_Directions for this task:_
Output nothing except the lines from the one containing "µ±Ëü°²Ö÷øµÄʱºò" through the final line of the data, both included, typed exactly, minus the pictures.

[Opening Exercise input section]

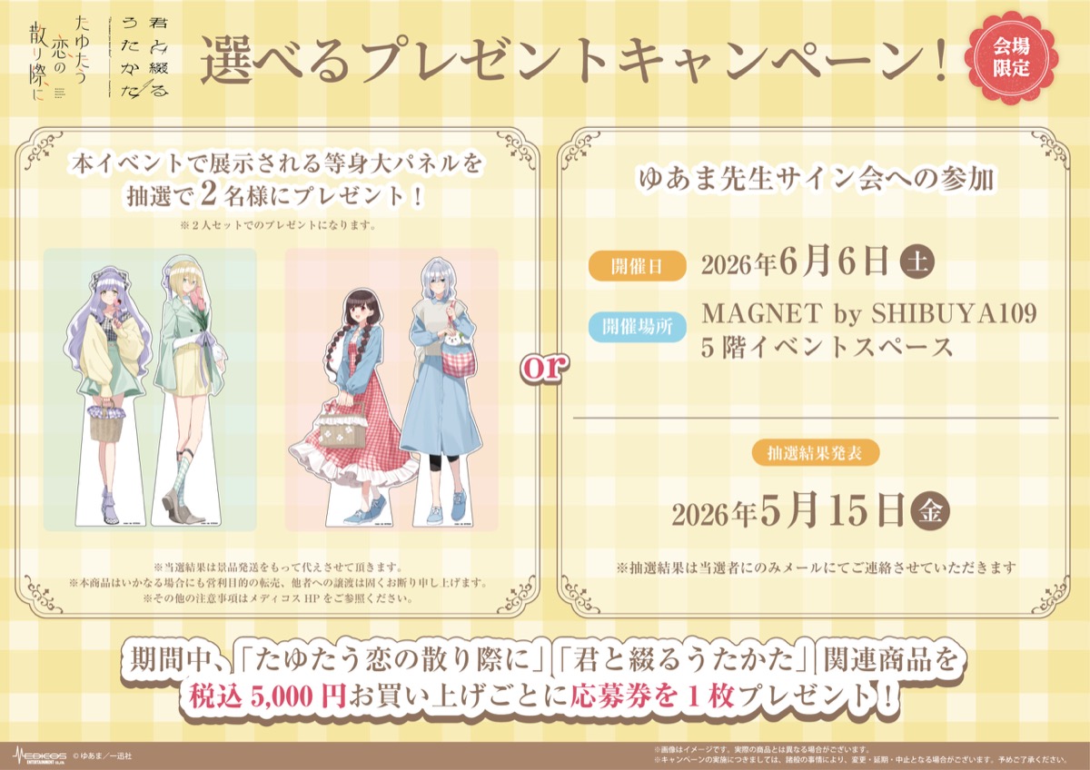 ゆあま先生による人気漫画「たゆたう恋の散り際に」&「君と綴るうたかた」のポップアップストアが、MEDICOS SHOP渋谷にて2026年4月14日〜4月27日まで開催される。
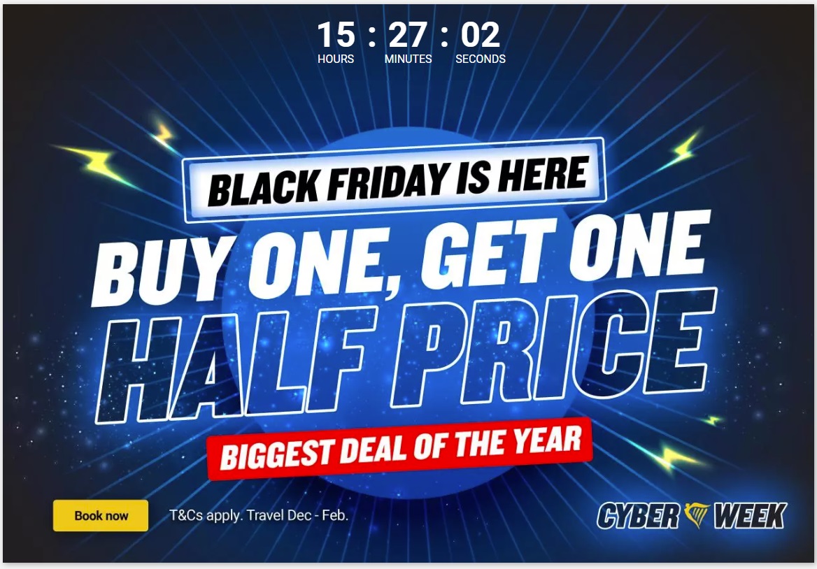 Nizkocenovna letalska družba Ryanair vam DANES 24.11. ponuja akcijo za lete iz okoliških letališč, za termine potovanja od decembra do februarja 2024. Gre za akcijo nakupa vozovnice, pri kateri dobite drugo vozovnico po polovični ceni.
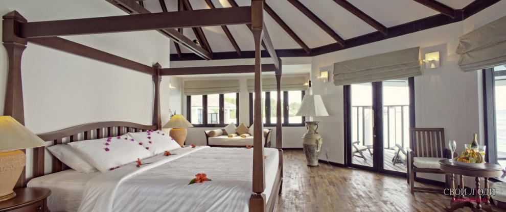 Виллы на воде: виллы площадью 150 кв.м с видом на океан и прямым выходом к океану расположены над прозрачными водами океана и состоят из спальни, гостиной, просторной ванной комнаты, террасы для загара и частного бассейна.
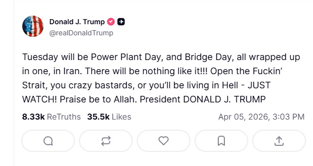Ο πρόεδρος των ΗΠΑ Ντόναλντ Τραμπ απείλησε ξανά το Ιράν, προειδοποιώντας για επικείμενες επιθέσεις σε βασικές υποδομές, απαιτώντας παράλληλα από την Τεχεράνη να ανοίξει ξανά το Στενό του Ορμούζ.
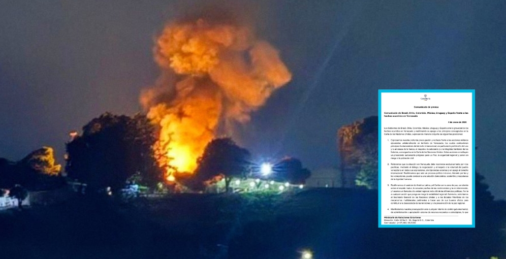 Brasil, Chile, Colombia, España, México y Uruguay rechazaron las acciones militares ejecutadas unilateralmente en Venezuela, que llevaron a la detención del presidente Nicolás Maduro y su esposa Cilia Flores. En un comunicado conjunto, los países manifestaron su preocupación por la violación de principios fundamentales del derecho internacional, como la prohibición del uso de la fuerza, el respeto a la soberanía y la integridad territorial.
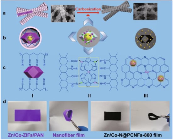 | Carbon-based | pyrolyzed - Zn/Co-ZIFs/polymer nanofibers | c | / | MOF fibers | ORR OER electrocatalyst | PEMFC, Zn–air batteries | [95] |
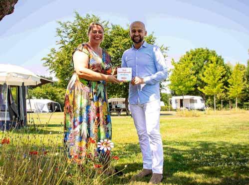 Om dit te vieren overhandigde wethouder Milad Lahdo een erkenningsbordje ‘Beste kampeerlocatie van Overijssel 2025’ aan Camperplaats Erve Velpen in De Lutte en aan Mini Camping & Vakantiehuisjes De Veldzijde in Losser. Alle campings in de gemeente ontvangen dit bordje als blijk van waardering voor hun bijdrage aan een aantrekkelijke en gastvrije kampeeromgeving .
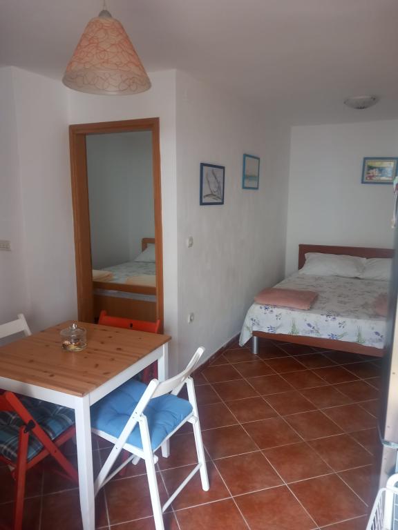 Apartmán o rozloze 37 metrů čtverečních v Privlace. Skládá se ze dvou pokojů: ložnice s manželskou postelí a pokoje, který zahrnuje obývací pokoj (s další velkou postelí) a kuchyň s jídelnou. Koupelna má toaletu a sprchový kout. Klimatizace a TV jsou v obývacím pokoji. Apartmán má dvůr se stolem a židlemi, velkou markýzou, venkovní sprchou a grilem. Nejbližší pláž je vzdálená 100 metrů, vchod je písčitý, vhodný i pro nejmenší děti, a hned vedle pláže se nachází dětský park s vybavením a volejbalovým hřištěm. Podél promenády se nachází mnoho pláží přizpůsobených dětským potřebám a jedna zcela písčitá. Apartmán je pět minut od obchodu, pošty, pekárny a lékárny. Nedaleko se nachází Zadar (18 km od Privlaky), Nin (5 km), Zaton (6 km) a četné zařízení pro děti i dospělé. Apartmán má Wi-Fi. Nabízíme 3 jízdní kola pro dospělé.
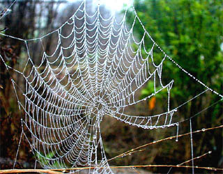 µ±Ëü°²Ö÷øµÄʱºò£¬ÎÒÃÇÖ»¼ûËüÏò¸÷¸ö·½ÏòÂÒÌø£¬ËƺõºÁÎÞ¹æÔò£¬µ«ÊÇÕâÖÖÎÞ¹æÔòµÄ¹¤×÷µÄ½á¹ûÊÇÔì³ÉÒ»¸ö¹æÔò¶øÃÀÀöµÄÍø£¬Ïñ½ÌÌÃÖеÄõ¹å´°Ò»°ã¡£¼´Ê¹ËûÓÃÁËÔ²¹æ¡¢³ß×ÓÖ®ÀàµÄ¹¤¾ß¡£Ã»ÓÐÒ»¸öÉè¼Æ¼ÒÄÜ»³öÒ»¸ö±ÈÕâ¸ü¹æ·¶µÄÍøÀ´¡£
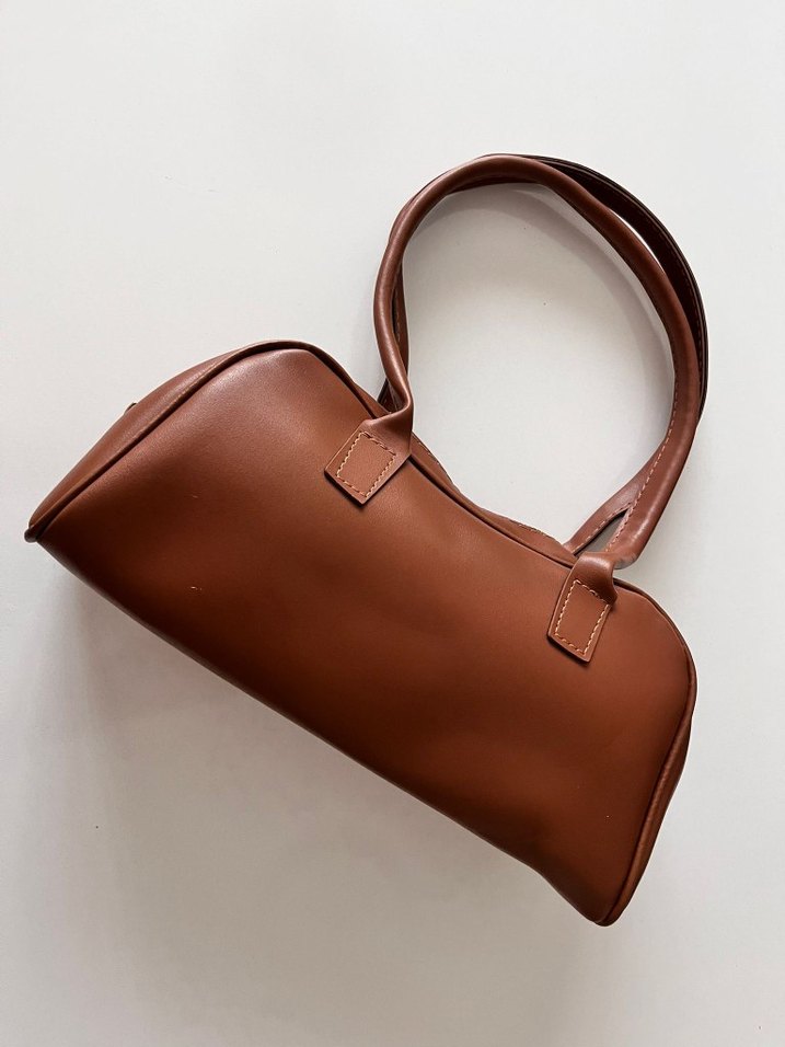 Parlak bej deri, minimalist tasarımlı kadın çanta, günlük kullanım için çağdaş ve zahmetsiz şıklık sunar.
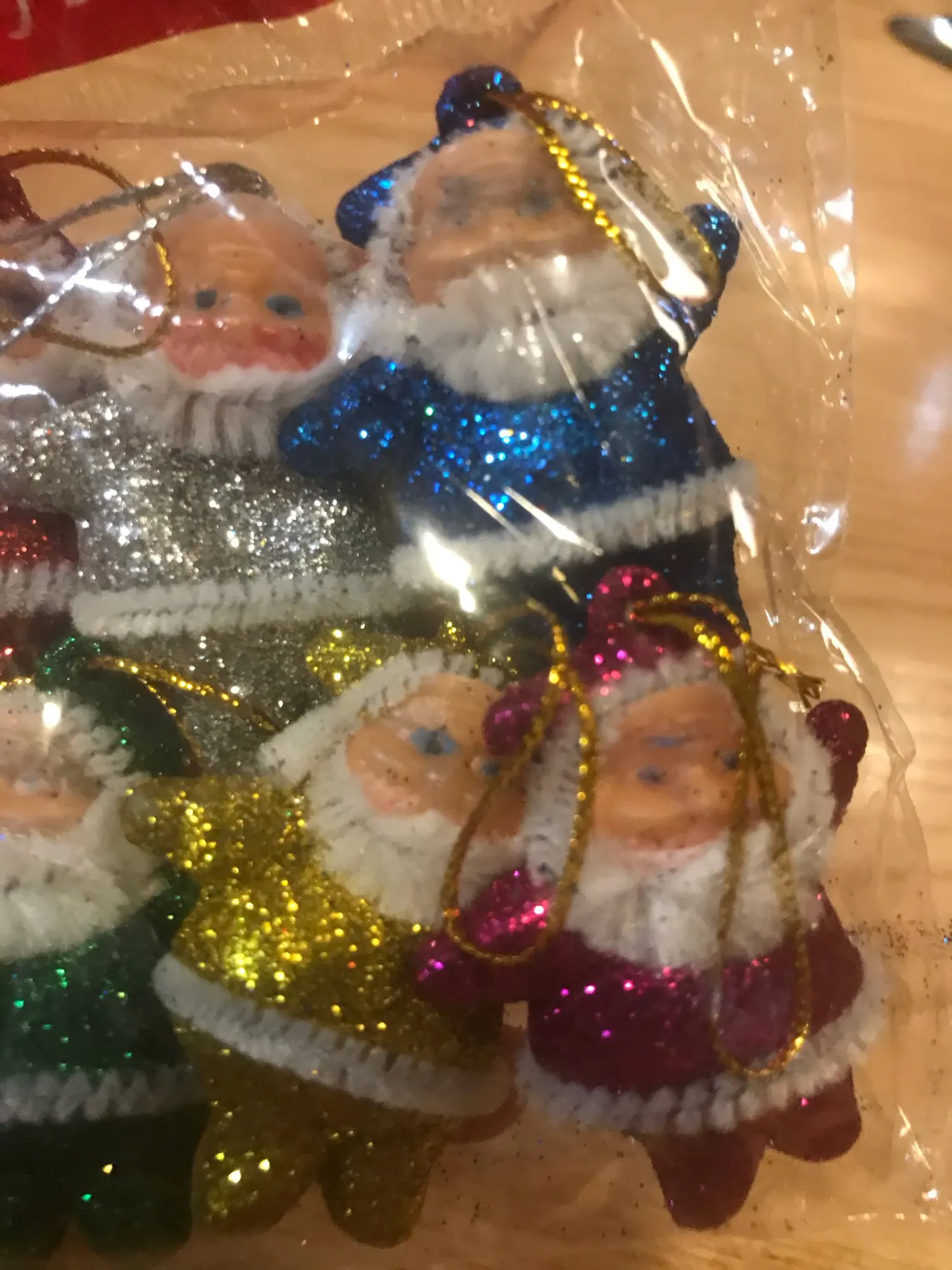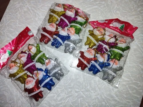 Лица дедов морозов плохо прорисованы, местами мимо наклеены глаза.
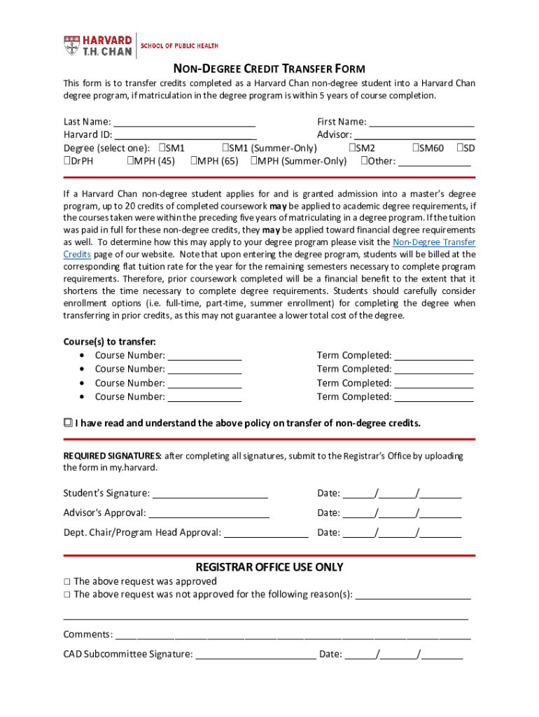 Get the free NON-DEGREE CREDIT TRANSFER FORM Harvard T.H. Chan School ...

[Closing Exercise input section]

_The completed task:_
 µ±Ëü°²Ö÷øµÄʱºò£¬ÎÒÃÇÖ»¼ûËüÏò¸÷¸ö·½ÏòÂÒÌø£¬ËƺõºÁÎÞ¹æÔò£¬µ«ÊÇÕâÖÖÎÞ¹æÔòµÄ¹¤×÷µÄ½á¹ûÊÇÔì³ÉÒ»¸ö¹æÔò¶øÃÀÀöµÄÍø£¬Ïñ½ÌÌÃÖеÄõ¹å´°Ò»°ã¡£¼´Ê¹ËûÓÃÁËÔ²¹æ¡¢³ß×ÓÖ®ÀàµÄ¹¤¾ß¡£Ã»ÓÐÒ»¸öÉè¼Æ¼ÒÄÜ»³öÒ»¸ö±ÈÕâ¸ü¹æ·¶µÄÍøÀ´¡£
 Parlak bej deri, minimalist tasarımlı kadın çanta, günlük kullanım için çağdaş ve zahmetsiz şıklık sunar.
 Лица дедов морозов плохо прорисованы, местами мимо наклеены глаза.
 Get the free NON-DEGREE CREDIT TRANSFER FORM Harvard T.H. Chan School ...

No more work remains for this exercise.